Winston Chung, MD, MS; Sheng-Fang Jiang, MS; Diana Paksarian, MPH, PhD; Aki Nikolaidis, PhD; F. Xavier Castellanos, MD; Kathleen R. Merikangas, PhD; Michael P. Milham, MD, PhD, “Trends in the Prevalence and Incidence of Attention-Deficit/Hyperactivity Disorder Among Adults and Children of Different Racial and Ethnic Groups,” JAMA Network Open (2019) 2(11): e1914344. DOI:10.1521/adhd.2019.27.4.8.
A cohort study looked at over five million adults, and over 850,000 children between the ages of five and eleven, who received care at Kaiser Permanente Northern California during the ten-year period from the beginning of 2007 through the end of 2016. At any given time, KPNC serves roughly four million persons. It is representative of the population of the region, except for the highest and lowest income strata.
Among adults rates of ADHD diagnosis rose from 0.43% to 0.96%. Among children the diagnosis rates rose from 2.96% to 3.74%, ending up almost four times as high as for adults.

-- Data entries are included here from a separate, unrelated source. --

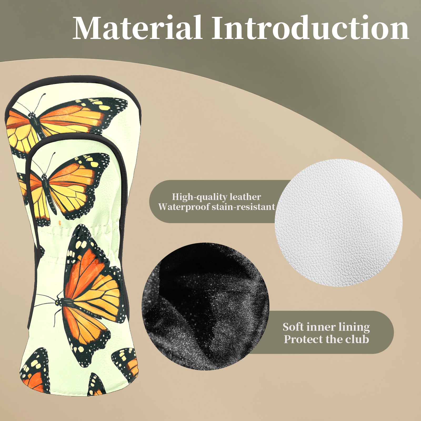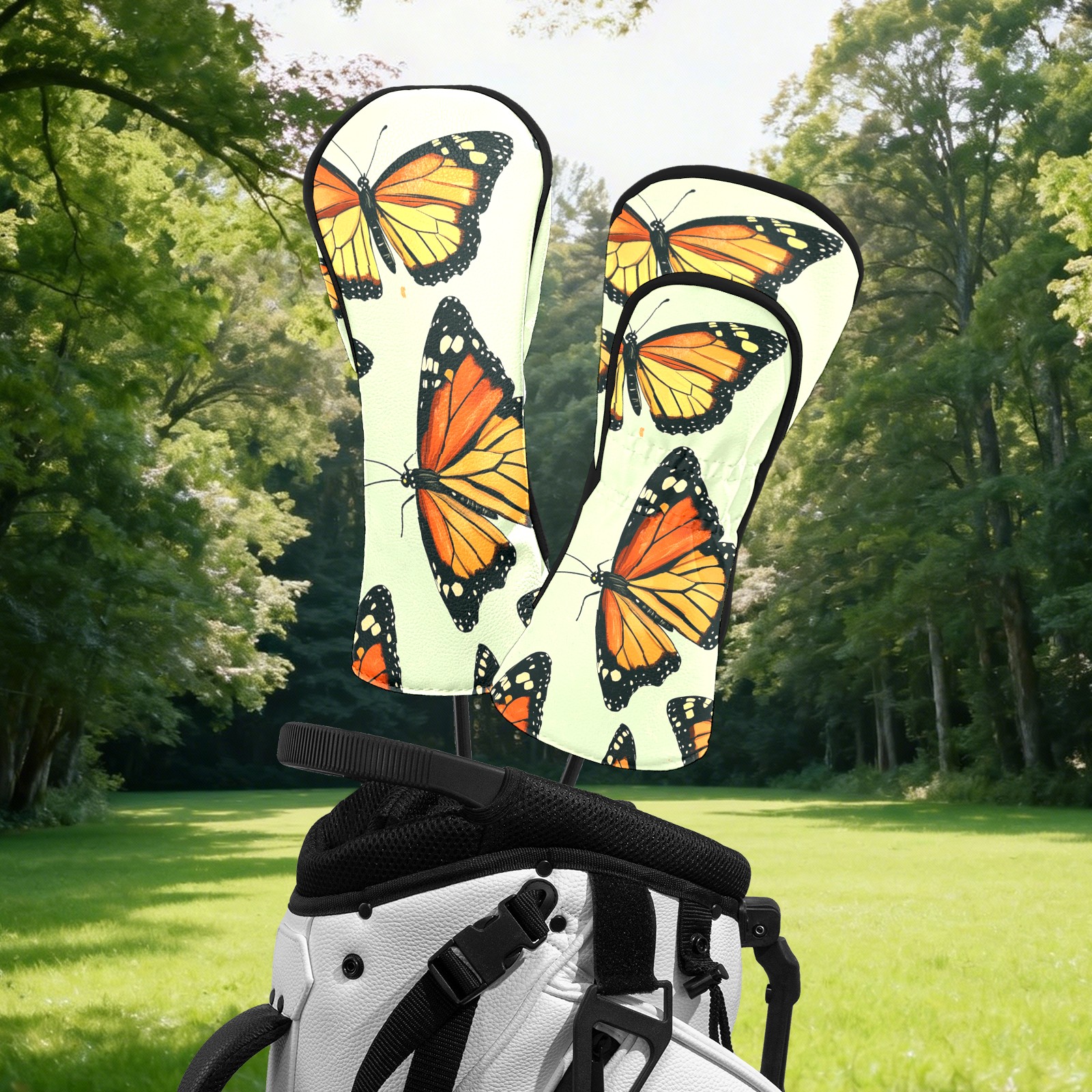 Golf Head Covers Fit Driver Headcover, Fairway Wood, and Hybrid Covers for Butterfly Pattern Design, Waterproof PU Leather, Classic Golf Gift & Accessories for Golfers
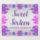 Winter snowflake sweet 16 birthday featuring textured snowflakes in shades of purple, pink and blue on a silver gradient background
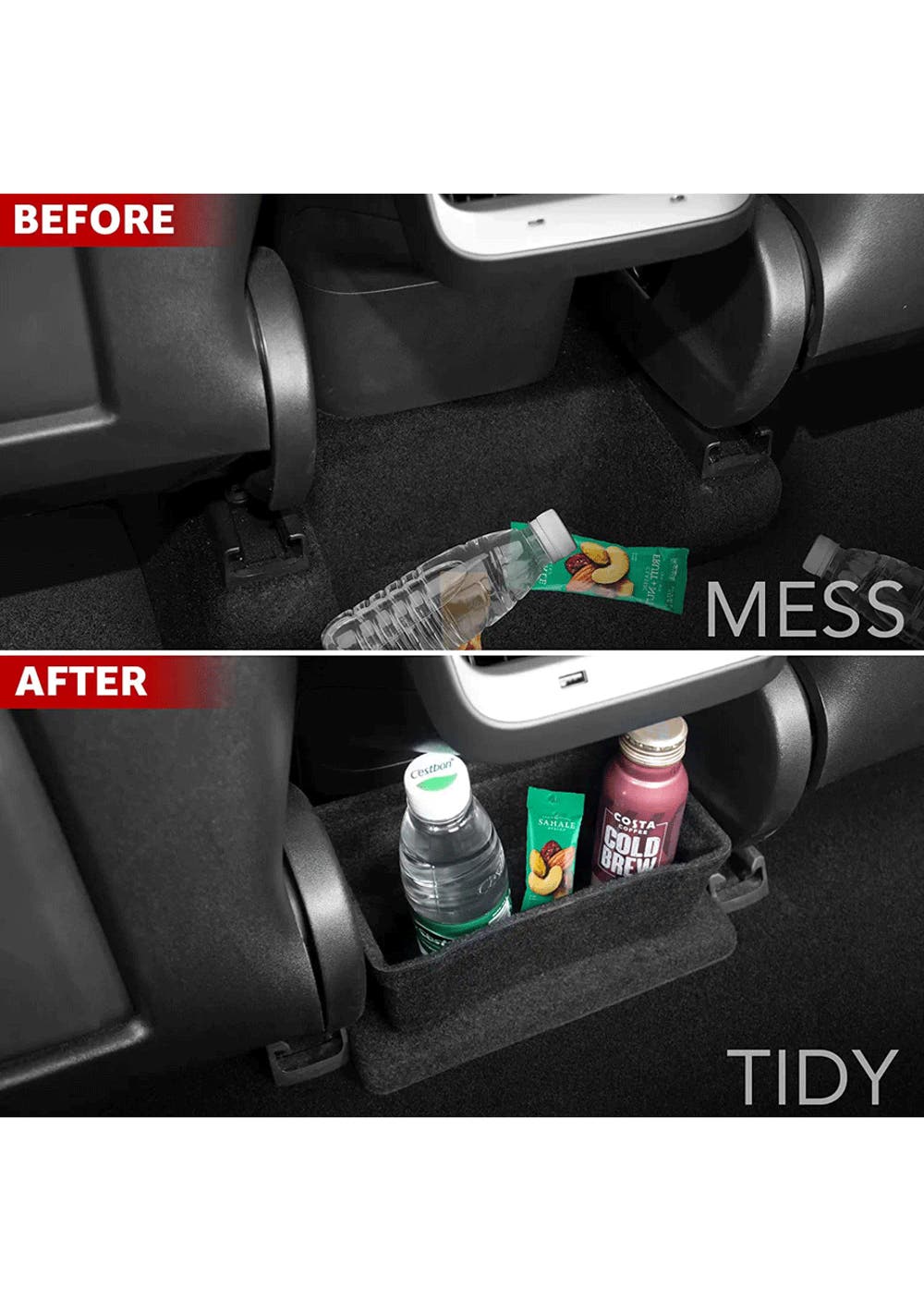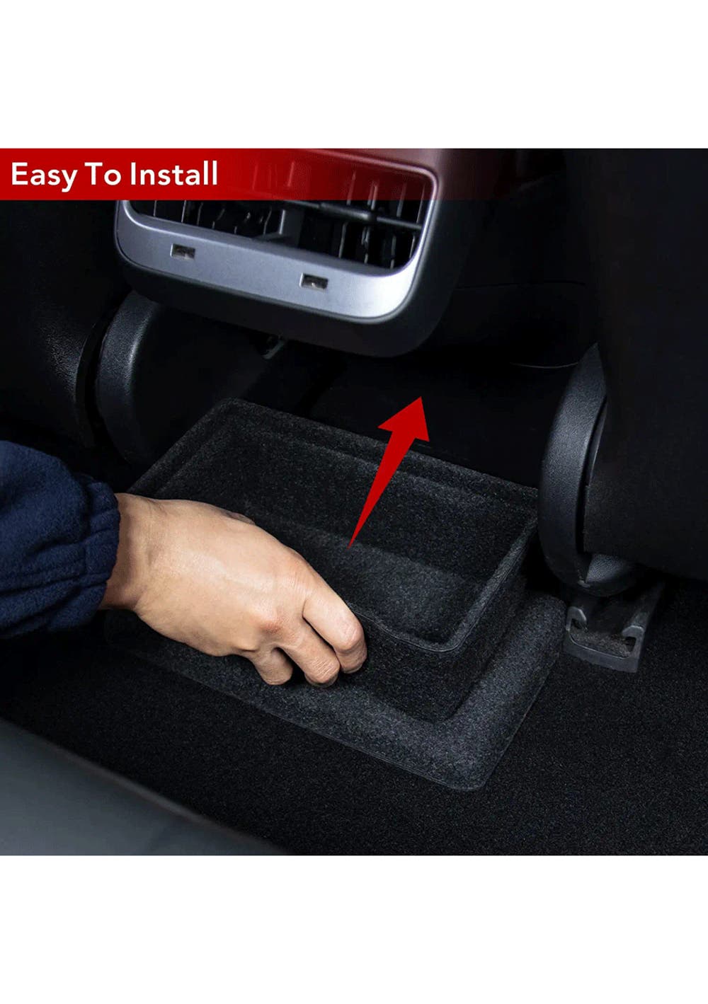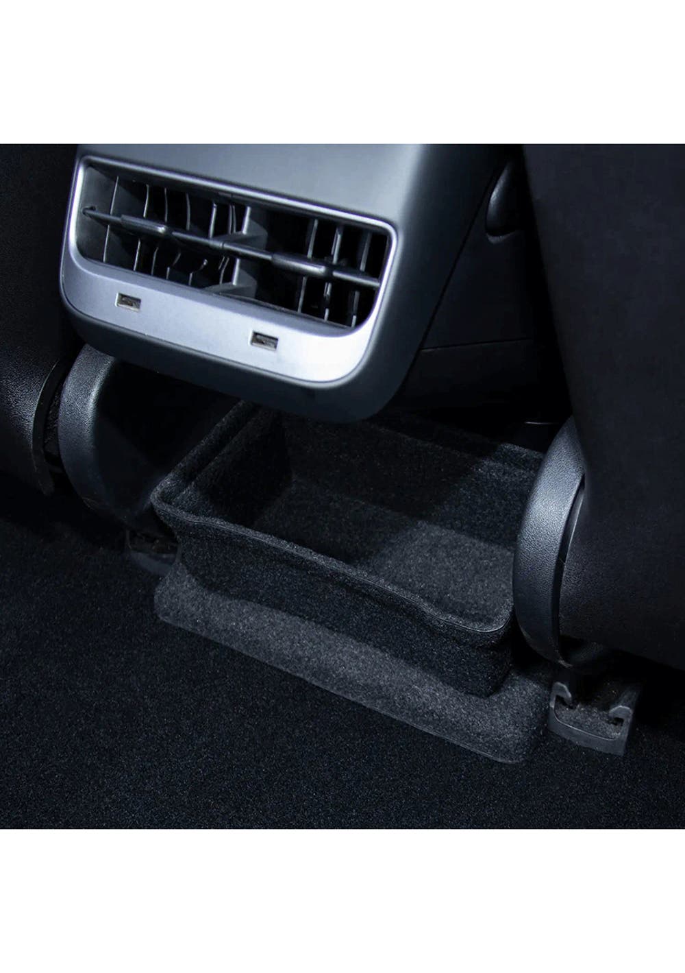 Perfect Match: Rear Seat Storage Cubby and Cup Holder fits perfectly under the rear exhaust port of Model 3, with no gaps and does not affect the footpad.
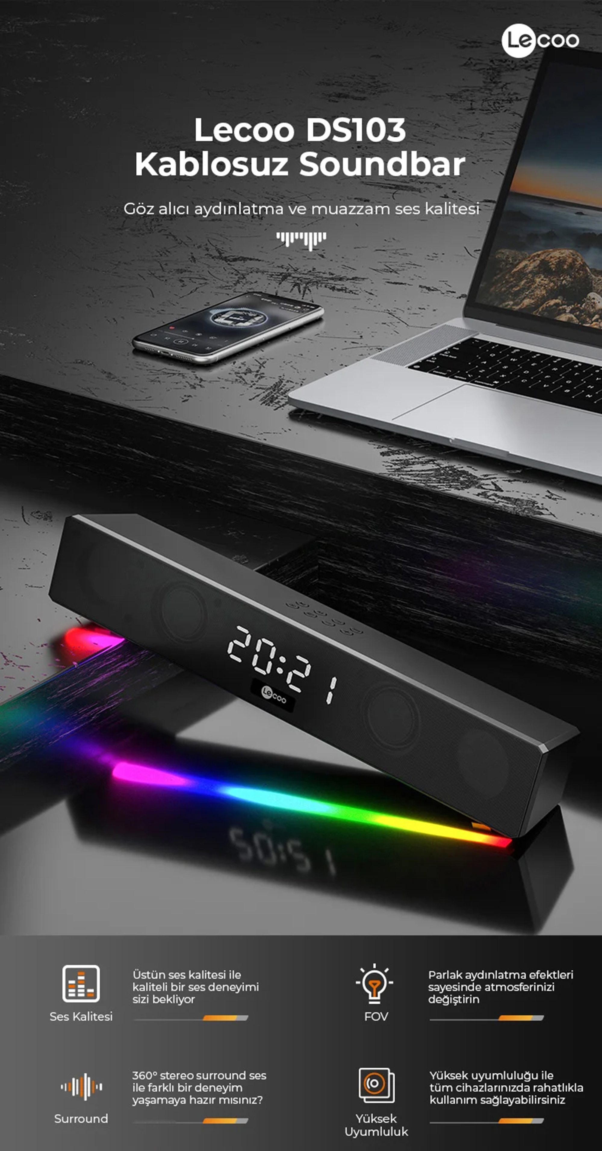 Lecoo DS103 RGB Bluetooth Stereo Siyah 10W Soundbar Speaker ile Ne Yapabilirim?
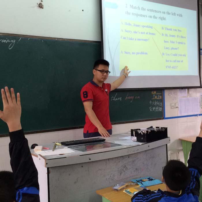 2014年5月9日上午,我校英语七年级组杨四维老师在七年级九班为大家带来了一堂精彩的单元复习课。本课主要对英语新目标教材七年级下册Unit 7 It’s raning! 展开系统复习梳理,以话题“talking on the phone”为统领,结合课本self-check,由词汇-短语-目标句型,一步步由浅入深地复习本课知识点。结构明朗,逻辑清晰,且辅以对话纠错、思维导图等教学设计,让学生对本单元的重点知识有较全面和清晰的认识。课堂气氛活跃,学生积极回答问题,时而妙语连连。本课获得了听课老师的肯定和较高评价,不失为一堂优质的单元小结课。

Non-Hispanic whites had the highest adult rates throughout, increasing from 0.67% in 2007 to 1.42% in 2016. American Indian or Alaska Native (AIAN) had the second highest rates, rising from 0.56% to 1.14%. Blacks and Hispanics had roughly comparable rates of diagnosis, the former rising from 0.22% to 0.69%, the latter from 0.25% to 0.65%. The lowest rates were among Asians (rising from 0.11% to 0.35%) and Native Hawaiian or other Pacific Islanders (increasing from 0.11% to 0.39%).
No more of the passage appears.